Professional Responsibility courses also tend to adopt a similarly reverential attitude toward the business client, instilling an ethic of “zealous advocacy” in generations of students. Few question whether the near-evacuation of ethical self-reflection from advocacy roles systematically advantages dubious (or worse) business propositions.
This emphasis on the disruptive and new is jarring in law, because legal systems’ internal values so often prize stability, regularity, precedent, and tradition. Pressed to justify it, partisans of disruptive innovation often turn to economics—a discipline all too happy to oblige with just-so stories of creative destruction. As William Baumol has observed, where economic growth has slowed, it is often “implied that a decline in entrepreneurship was partly to blame (perhaps because the culture’s ‘need for achievement’ has atrophied). At another time and place, it is said, the flowering of entrepreneurship accounts for unprecedented expansion.” Both policymakers and mainstream legal scholars tiptoe through the tulips of entrepreneurship, wary of disrupting the business plans of the disruptive innovators they admire.

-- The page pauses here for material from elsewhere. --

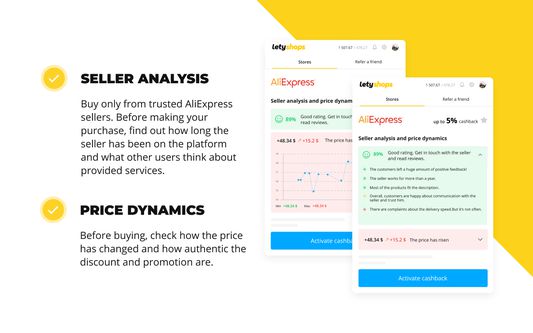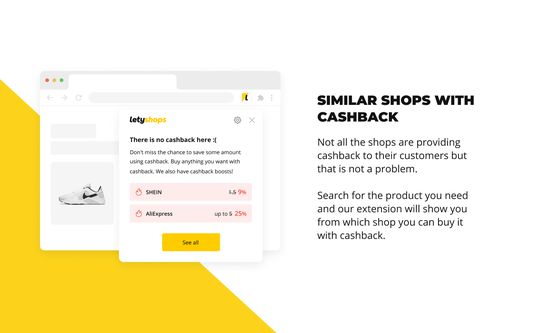Uzyskaj cashback za każdym razem, gdy robisz zakupy w Letyshops! Cashback serwis LetyShops zapewnia jeszcze więcej korzyści i przyjemności z każdego zakupu w AliExpress oraz innych 2000 sklepach internetowych!

However, as Baumol went on to wisely observe, there is no obvious connection between entrepreneurship and genuine productivity. Productivity, defined from a properly politico-economic perspective, reflects society’s ability to meet real needs, create capabilities, and to promote human flourishing. Some entrepreneurs contribute to it, but others do not. As Baumol observes, there are unproductive entrepreneurial activities, and at “times the entrepreneur may even lead a parasitical existence that is actually damaging to the economy.” Baumol also argues that the relative balance of productive, unproductive, and destructive entrepreneurs is not dictated by technology or culture. “Changes in the rules and other attendant circumstances can, of course, modify the composition of the class of entrepreneurs,” he reminds us, insisting on the intertwining of political and economic reality.
Law students tend to hear little to nothing about Baumol’s distinctions here, despite his status as one of the greatest economists of the 20th century. That is because the epistemological appeal of many dominant law and economics approaches is grounded in an ostensibly value-free and scientific assessment of the costs and benefits of different sets of legal rules. Describing certain economic activity as useless or parasitical is a value judgment. Better instead, in the eyes of the old law and economics, to stick to more quantitative assessments of value, or abstract descriptions of optimal legal rules that “neutrally” apply trans-substantively, without respect to the nature of the business they are affecting.
The problems with such an approach are readily apparent. First, there are obvious instances of entrepreneurship that leaves everyone (except the entrepreneur) worse off. In later work, Baumol described the international arms trade as one clear example: rapidly cheapening implements of destruction, and making them more readily available, is not a form of efficiency to be celebrated unproblematically. There may be cases where this arms trade enables a scrappy band of rebels to overcome an oppressive tyranny. But far more common are other dynamics: consolidation of power by tyrannical regimes; arms races among factions within a nation, and nations themselves; out-of-control armaments easily snapped up by terrorist forces.
Similarly, in banking, all too often legislators and regulators rush to promote “financial innovation” without fully understanding its consequences. For example, at present, the Office of the Comptroller of the Currency (via its proposed “fintech charters”) and the Consumer Financial Protection Bureau (via its Project Catalyst) are promoting financial technology (fintech) firms. Fintech may promote competition and create new options for consumers. But we should ensure that it is fair competition, and that these options don’t have hidden pitfalls. In my research on the finance and internet sectors, I have explored patterns of regulatory arbitrage and opaque business practices that sparked the mortgage crisis of 2008. I see similar themes emerging today.
In the run-up to the crisis, federal authorities preempted state law meant to protect consumer borrowers. Their stated aim was to ensure financial inclusion and innovation, but the unintended consequences were disastrous. Federal authorities were not adequately staffed to monitor, let alone deter or punish, widespread fraudulent practices. They also flattened diverse state policies into a one-size-fits-all, cookie-cutter approach. We all know the results. Millions of families lost their homes to foreclosure, and the economy suffered a permanent output gap that undermines our nation’s strength to this day.
In short: entrepreneurship and innovation are not good in themselves. The toxic assets at the core of the financial crisis were innovative in many ways, but ultimately posed unacceptable risks. Entrepreneurial arms dealers could easily provide massively destructive weapons to terrorists. Many less troubling products and services have shadow sides that outweigh their ostensible benefits. Until law and economics places such concerns at the core of its inquiry—rather than relegating them to backwater arenas of externality correction and transfers—it will fail to account for core economic dynamics. Law and political economy addresses these issues directly, as an intersecting realm of monetary value and social values.
Note: Some of this post was based on my recent testimony before the U.S. Senate Committee on Banking, Housing, and Urban Affairs Committee, available here.